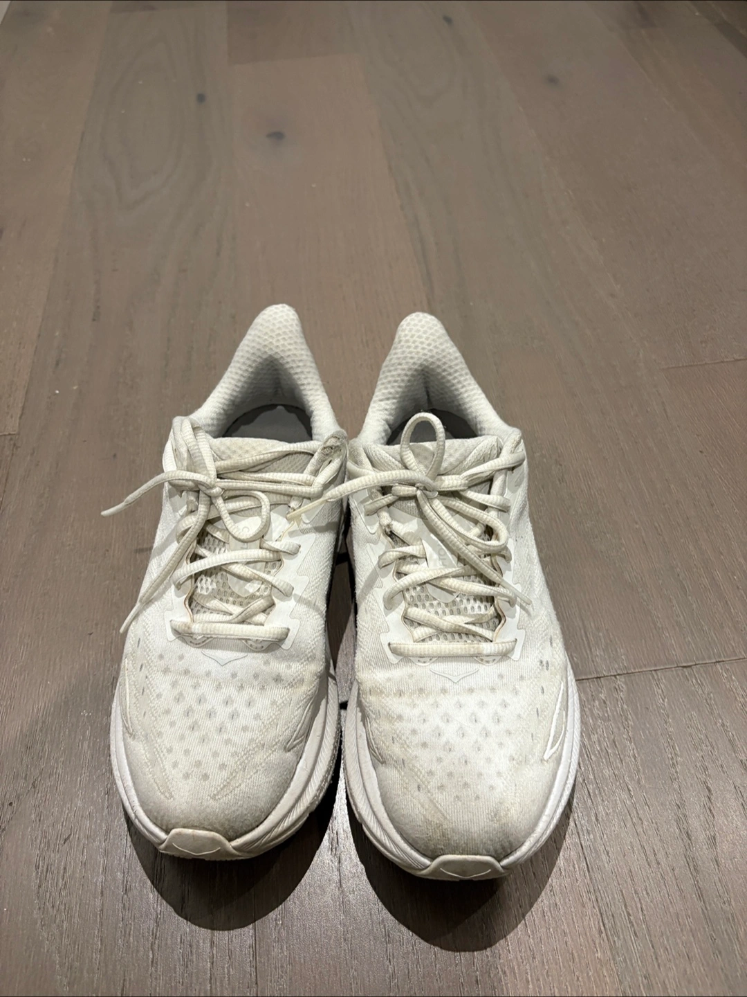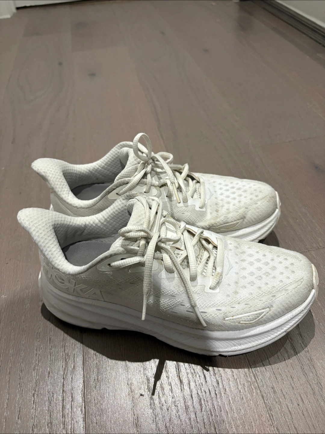 Selling a pair of Hoka Clifton 9 running shoes in white. They're in good condition and ready for your next run! These shoes are known for their lightweight design and comfortable cushioning, making them great for everyday training or longer distances
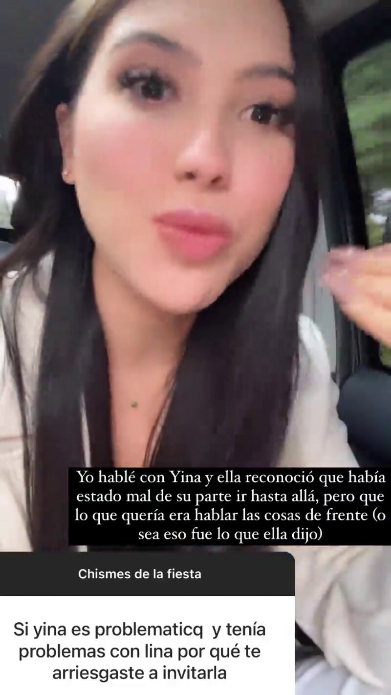 La influencer comentó que a pesar de las riñas que había entre ambas, no podía dejar de invitar a ninguna ya que ambas son grandes amigas de ellas. También redactó que Yina había reconocido que se había portado mal en la fiesta y que solo había asistido para dejar las cosas claras con Tejeiro.
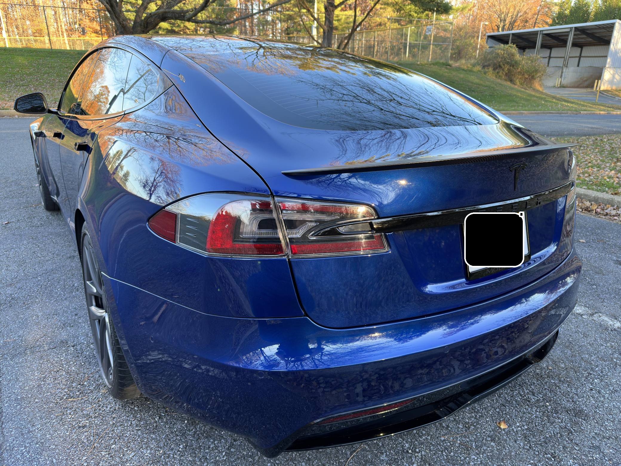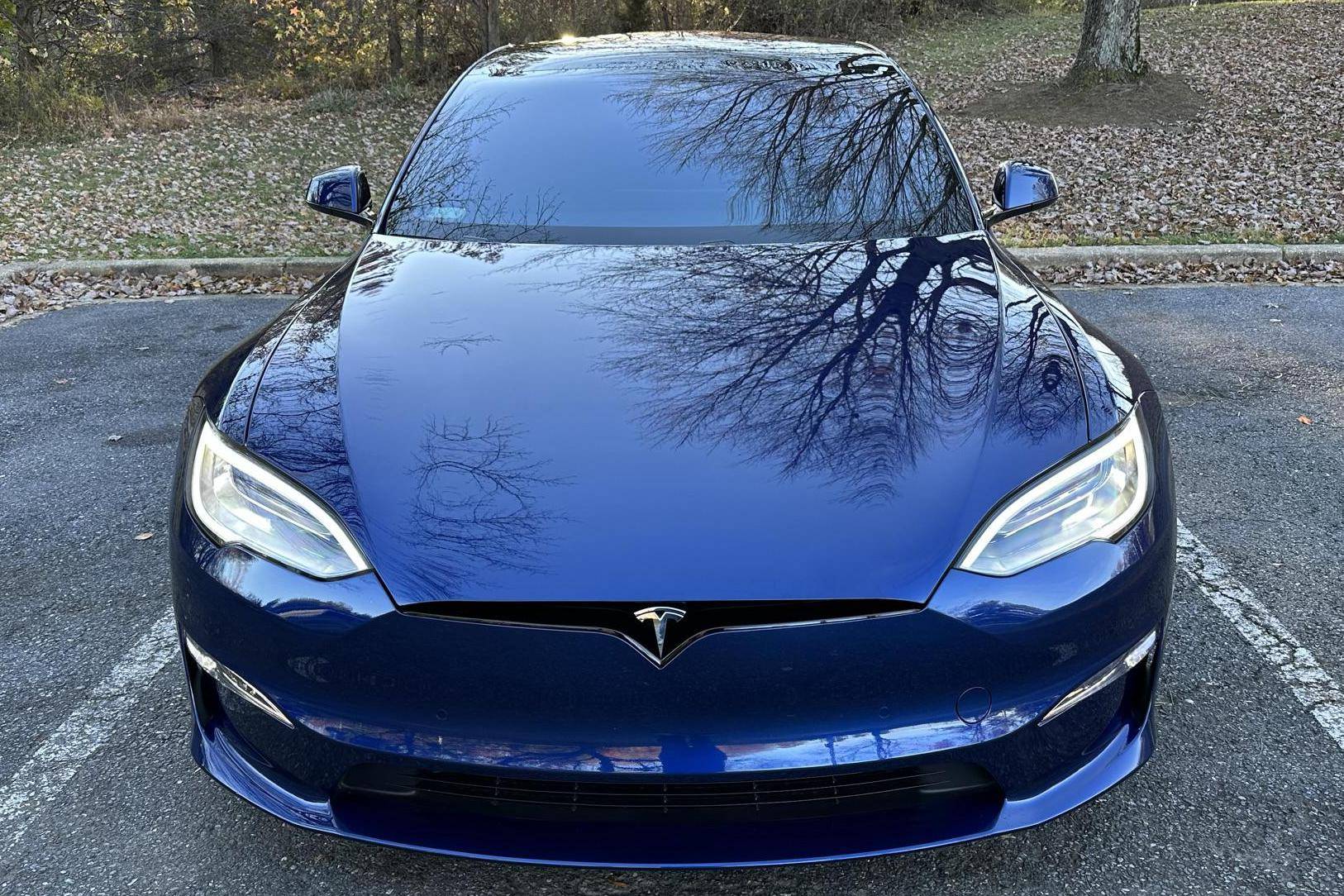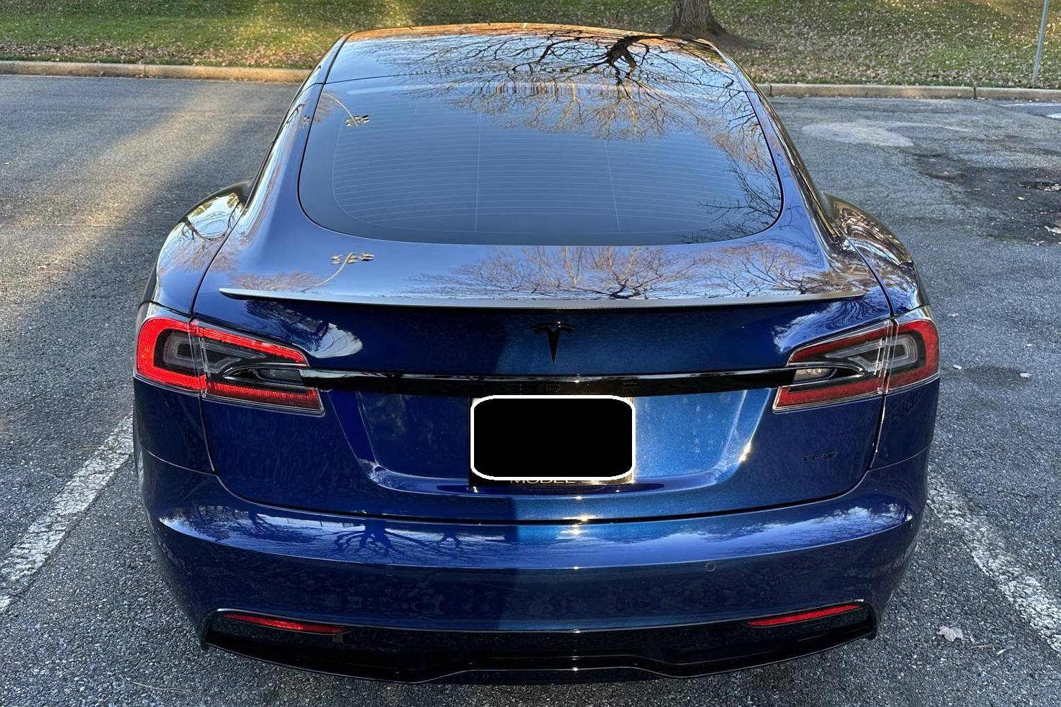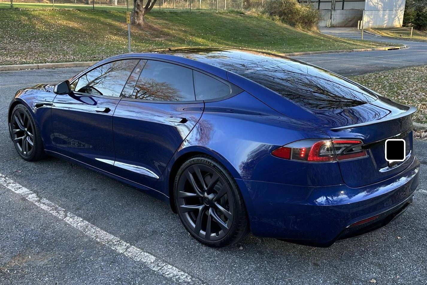 THIS. . . is a 2021 Tesla Model S Plaid, finished in Deep Blue Metallic with a black interior. According to the order agreement pictured in the photo gallery, this Tesla carried a total price of $137,290, including the $10,000 Full Self-Driving Capability option. Notable equipment includes 21-inch "Arachnid" wheels, Autopilot technology, a glass roof, leather upholstery, heated and ventilated front seats, heated rear seats, a yoke steering wheel, a 17-inch front touchscreen, 8 cameras, and more as detailed below. Modifications reported by the seller are limited to tinted windows and exterior paint protection film. Tesla introduced the Model S, the first car it developed in-house, in 2012. Still available today, it was one of the first cars that proved EVs could be more than overgrown golf carts. Released in 2021, the Plaid version of the Model S stands proud as one of the quickest production cars on the planet thanks to an immensely powerful drivetrain. Tesla pegs the sedan's 0-to-60 mph time at slightly under 2 seconds, a figure confirmed by independent tests. Power comes from three electric motors, which draw electricity from a 100-kilowatt-hour lithium-ion battery pack that moves all four wheels with 1,020 horsepower and 1,050 lb-ft of torque, according to tests performed by Motor Trend. The EPA gave the Plaid variant a maximum driving range of 396 miles when equipped with 19-inch wheels, and 348 miles when fitted with 21-inch wheels.

=-=-=-=-=

- _AIM OF THE TASK_
Print out the material word for word, omitting the pictures.

- _EXPECTED OUTPUT_
 Selling a pair of Hoka Clifton 9 running shoes in white. They're in good condition and ready for your next run! These shoes are known for their lightweight design and comfortable cushioning, making them great for everyday training or longer distances
 La influencer comentó que a pesar de las riñas que había entre ambas, no podía dejar de invitar a ninguna ya que ambas son grandes amigas de ellas. También redactó que Yina había reconocido que se había portado mal en la fiesta y que solo había asistido para dejar las cosas claras con Tejeiro.
 THIS. . . is a 2021 Tesla Model S Plaid, finished in Deep Blue Metallic with a black interior. According to the order agreement pictured in the photo gallery, this Tesla carried a total price of $137,290, including the $10,000 Full Self-Driving Capability option. Notable equipment includes 21-inch "Arachnid" wheels, Autopilot technology, a glass roof, leather upholstery, heated and ventilated front seats, heated rear seats, a yoke steering wheel, a 17-inch front touchscreen, 8 cameras, and more as detailed below. Modifications reported by the seller are limited to tinted windows and exterior paint protection film. Tesla introduced the Model S, the first car it developed in-house, in 2012. Still available today, it was one of the first cars that proved EVs could be more than overgrown golf carts. Released in 2021, the Plaid version of the Model S stands proud as one of the quickest production cars on the planet thanks to an immensely powerful drivetrain. Tesla pegs the sedan's 0-to-60 mph time at slightly under 2 seconds, a figure confirmed by independent tests. Power comes from three electric motors, which draw electricity from a 100-kilowatt-hour lithium-ion battery pack that moves all four wheels with 1,020 horsepower and 1,050 lb-ft of torque, according to tests performed by Motor Trend. The EPA gave the Plaid variant a maximum driving range of 396 miles when equipped with 19-inch wheels, and 348 miles when fitted with 21-inch wheels.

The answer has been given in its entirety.